China's central bank said on Thursday it will increase the frequency of open market operations between Jan 29 and Feb 19 to maintain liquidity in the market during the Lunar New Year.

[SHANGHAI] China's central bank said Tuesday it was injecting 440 billion yuan (S$96 billion) into the money market, seeking to ease tight liquidity ahead of the Lunar New Year holiday when demand for funds surges.

The injection through the regular open market operations of the People's Bank of China (PBoC) was the largest since 2013, Bloomberg News reported.

Chinese companies typically pay salaries and bonuses before the holiday, which falls in early February this year. People also traditionally exchange cash and gifts during the period.

"It is standard practice for the PBoC to inject large amounts of liquidity into the banking system ahead of Chinese New Year," Capital Economics said in a research report last week.

"If it didn't, the increased demand for cash during the holiday would cause liquidity conditions to tighten significantly and interbank rates would surge." The PBoC last week flooded the financial system with more than 1.5 trillion yuan.
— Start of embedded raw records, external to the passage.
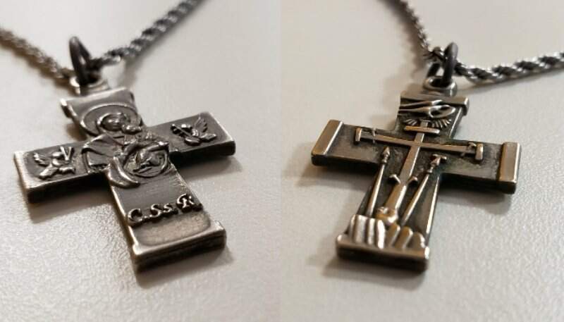 “Nela não temos Cristo preso na cruz, porque ela é a Cruz da Redenção. Além da cruz, temos os instrumentos da Paixão, a lança, a esponja, os cravos, e ainda a representação do Monte Calvário, presentes no brasão redentorista. A pomba acima da cruz simboliza o Espírito Santo. No verso, temos a imagem de Nossa Senhora do Perpétuo Socorro, devoção que acompanha a congregação desde que o Papa Pio IX a entregou aos redentoristas e pediu que a tornasse conhecida em todo o mundo”.
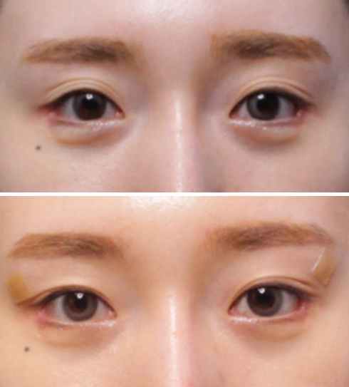 시술 전 사진을 보면, 눈꺼풀의 지방층이 줄어들며 쌍꺼풀이 두 겹으로 갈라져 있고, 피부가 꺼지면서 눈매가 피곤하고 나이 들어 보이는 인상이었습니다.
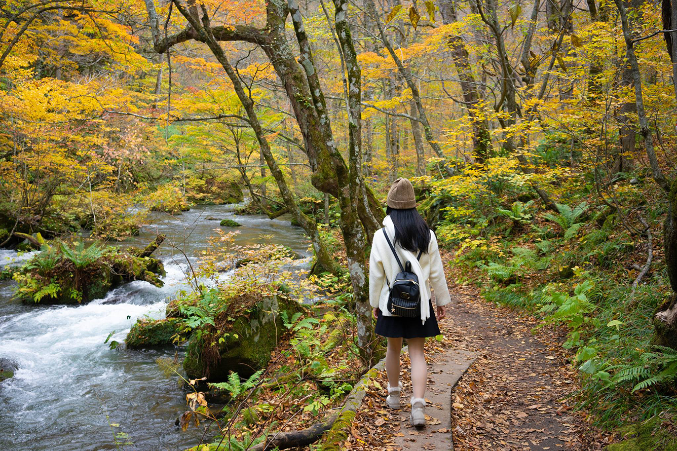 Dọc theo dòng suối Oirase dài khoảng 14km là hàng chục thác nước nhỏ len lỏi giữa rừng lá đỏ. Đường mòn ven suối được thiết kế thuận tiện cho việc đi bộ, giúp bạn vừa tận hưởng âm thanh róc rách vừa cảm nhận được từng đợt gió thu se lạnh lướt qua mặt. Đây là một trong những trải nghiệm ấn tượng nhất mà bạn sẽ có khi du lịch Tōhoku mùa thu bởi không quá đông đúc, hoàn toàn hòa mình vào thiên nhiên.
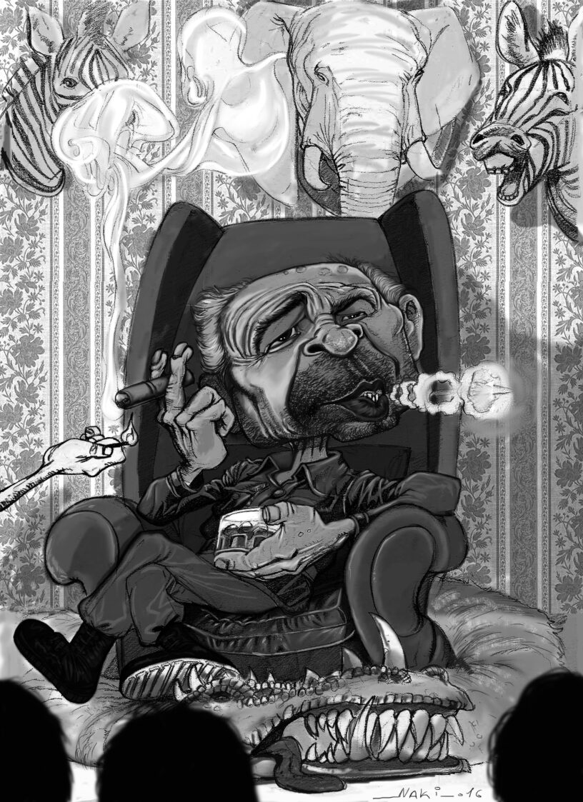 «Fue hace muchísimos años, yo creo que como cuarenta. Estábamos en Kasawa, un pueblo en el norte de Zambia, abajo del Congo. Hacía unos días que viajábamos. Seguíamos el valle del río Luangwa, en el corazón de la sabana africana. Nos movíamos en una camioneta medio destartalada con tracción integral que manejaba el profesional, un lugareño que te organiza la salida y te protege si fallás tu tiro, yo a su lado con mis armas y dos negritos tirando a betún sentados atrás que nos asistían en toda la excursión. Sabíamos que estábamos en el territorio de la manada del Msoro Monty, un león antropófago…»

Some analysts have likened the latest fund injections to a loosening of monetary policy or a replacement of funds lost to capital outflows.

ANZ Banking Group said the injections have prompted the central bank to hold off lowering the reserve requirement ratio (RRR) for banks - the amount of funds they must put aside - though a cut would eventually be needed to help boost the slowing economy.

"The PBoC has continued to inject short-term liquidity via open market operations and other policy tools in January and refrained from further reserve requirement ratio cuts," ANZ said in a research report on Monday.

"While the PBoC has used other tools to manage short-term liquidity in the market, we believe that further RRR cuts are still needed," it said.

China's economy grew at its slowest rate in a quarter of a century in 2015 at 6.9 per cent, raising expectations for further cuts in interest rates or reserve requirements.